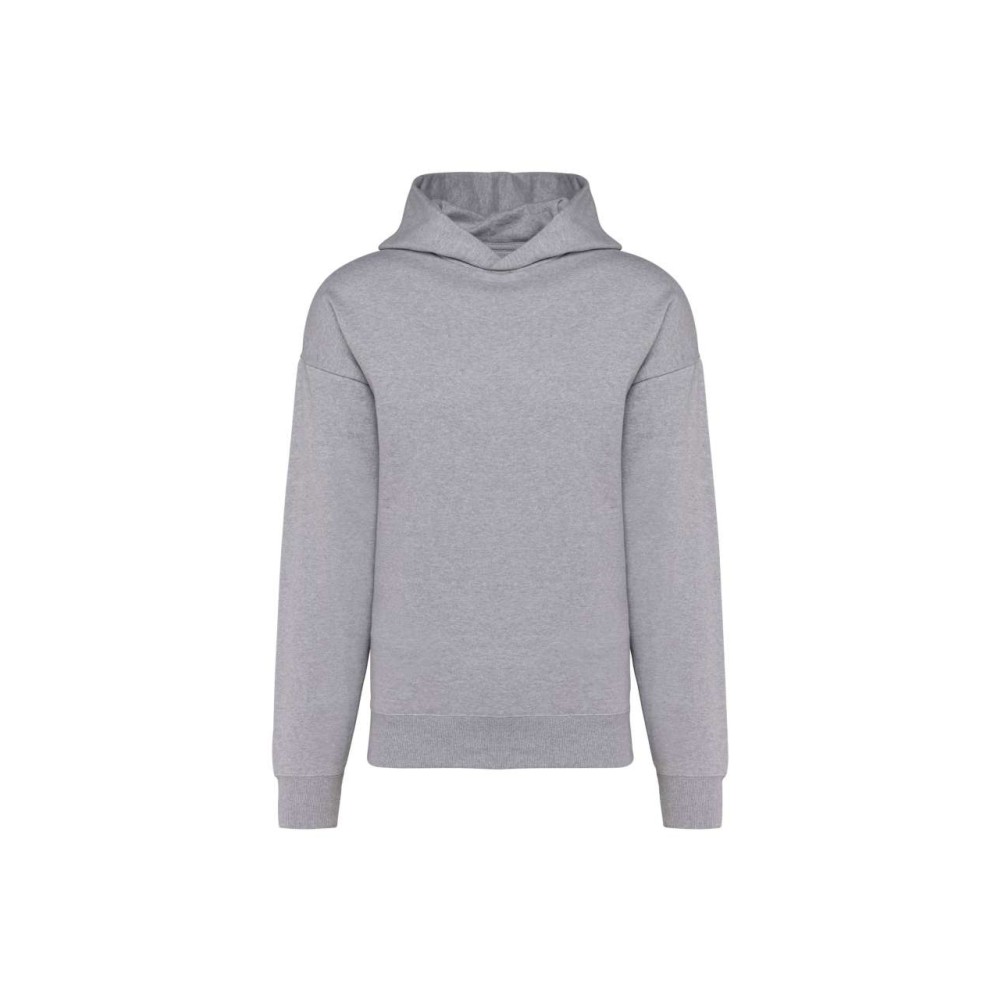 80% cotton / 20% polyester. Oversized fit with dropped shoulders. Brushed fleece. Carded cotton. 1x1 ribbing with a tubular finish on the cuffs and hem. Hidden pocket with invisible zip in the seam on the right side when worn. Cotton hood with double dart. Elastane in the ribbing on the cuffs and at the bottom of the garment to prevent them from going out of shape. Matching twill taped neck. Half-moon finish inside neck. Double overlaid overstitching on cuffs and bottom hem. No brand label on the collar. only a size tag for easy decoration.
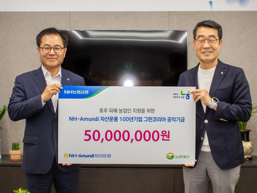 NH-Amundi자산운용은 최근 집중호우로 피해를 입은 농업인들을 지원하기 위해 펀드기금을 활용해 6000만원을 기부했다고 27일 밝혔다.NH-Amundi자산운용은 일부 펀드의 운용·판매보수를 적립해 펀드기금을 조성하고 기부·장학사업·소부장 연구 지원 등 다양한 사회공헌 활동에 활용하고 있다. 현재 필승코리아, 100년기업그린코리아, 장기성장대표기업, 아이사랑 등 5개 펀드에서 기금을 모으고 있다.이번 지원에는 ESG 펀드인 'NH-Amundi 100년기업그린코리아'에서 마련한 기금을 활용했다. 이에 따라 해당 펀드 투자자들도 간접적으로 농업인 수해 복구 지원에 동참하게 됐다.회사는 지난 25일 농협재단에 5000만원을 기부했다. 농협재단은 기부금을 활용해 충남 세종시·경남 거창군 등 피해지역 농업인에게 쌀 가공품 세트를 전달할 예정이다. 농협재단은 지난 2004년부터 장학사업, 농촌 다문화가정 정착지원, 취약농가 물품지원 등 다양한 복지사업을 전개하며 농업인의 생활 안정과 복지 향상에 힘쓰고 있다.NH도농상생운동본부에는 지난 22일 1000만원을 기부해 호우 집중피해지역의 복구와 물품 지원에 도움을 줬다. 해당 단체는 도시와 농촌을 연결하는 상생활동을 목표로 재해재난 지원, 농촌 일손돕기, 쌀 소비촉진 등 다양한 지원 사업을 수행하고 있다.문석근 농협재단 사무총장은 "집중호우로 어려움을 겪고 있는 농업인들의 회복을 위해 소중한 기금을 지원해 준 NH-Amundi자산운용과 투자자 여러분께 깊이 감사드린다"며 "농협재단은 앞으로도 농업인의 곁에서 힘이 될 수 있도록 다양한 장학·복지 사업을 꾸준히 이어가겠다"고 전했다.길정섭 NH-Amundi자산운용 대표이사는 "집중호우로 큰 피해를 입은 농업인들이 하루빨리 일상으로 돌아올 수 있도록 투자자들과 함께 힘을 보태고자 한다"라며 "앞으로도 펀드기금을 사회에 환원하며 금융회사의 사회적 책임을 다하겠다"고 말했다.
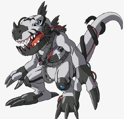 钢铁霸王龙兽是用于地面战斗攻击的数码宝贝。其坚硬的下颚能咬碎任何防御盔甲。一眼就能看出它具有无敌的力量和坚韧的身,其右臂发射的导弹和左臂发射的能量弹都有巨大威力。

Action item - Extract, word for word, every line from the one containing "NH-Amundi자산운용은 최근 집중호우로" to the end of the data above, both ends included, and leave out the pictures.

Result for this task -
 NH-Amundi자산운용은 최근 집중호우로 피해를 입은 농업인들을 지원하기 위해 펀드기금을 활용해 6000만원을 기부했다고 27일 밝혔다.NH-Amundi자산운용은 일부 펀드의 운용·판매보수를 적립해 펀드기금을 조성하고 기부·장학사업·소부장 연구 지원 등 다양한 사회공헌 활동에 활용하고 있다. 현재 필승코리아, 100년기업그린코리아, 장기성장대표기업, 아이사랑 등 5개 펀드에서 기금을 모으고 있다.이번 지원에는 ESG 펀드인 'NH-Amundi 100년기업그린코리아'에서 마련한 기금을 활용했다. 이에 따라 해당 펀드 투자자들도 간접적으로 농업인 수해 복구 지원에 동참하게 됐다.회사는 지난 25일 농협재단에 5000만원을 기부했다. 농협재단은 기부금을 활용해 충남 세종시·경남 거창군 등 피해지역 농업인에게 쌀 가공품 세트를 전달할 예정이다. 농협재단은 지난 2004년부터 장학사업, 농촌 다문화가정 정착지원, 취약농가 물품지원 등 다양한 복지사업을 전개하며 농업인의 생활 안정과 복지 향상에 힘쓰고 있다.NH도농상생운동본부에는 지난 22일 1000만원을 기부해 호우 집중피해지역의 복구와 물품 지원에 도움을 줬다. 해당 단체는 도시와 농촌을 연결하는 상생활동을 목표로 재해재난 지원, 농촌 일손돕기, 쌀 소비촉진 등 다양한 지원 사업을 수행하고 있다.문석근 농협재단 사무총장은 "집중호우로 어려움을 겪고 있는 농업인들의 회복을 위해 소중한 기금을 지원해 준 NH-Amundi자산운용과 투자자 여러분께 깊이 감사드린다"며 "농협재단은 앞으로도 농업인의 곁에서 힘이 될 수 있도록 다양한 장학·복지 사업을 꾸준히 이어가겠다"고 전했다.길정섭 NH-Amundi자산운용 대표이사는 "집중호우로 큰 피해를 입은 농업인들이 하루빨리 일상으로 돌아올 수 있도록 투자자들과 함께 힘을 보태고자 한다"라며 "앞으로도 펀드기금을 사회에 환원하며 금융회사의 사회적 책임을 다하겠다"고 말했다.
 钢铁霸王龙兽是用于地面战斗攻击的数码宝贝。其坚硬的下颚能咬碎任何防御盔甲。一眼就能看出它具有无敌的力量和坚韧的身,其右臂发射的导弹和左臂发射的能量弹都有巨大威力。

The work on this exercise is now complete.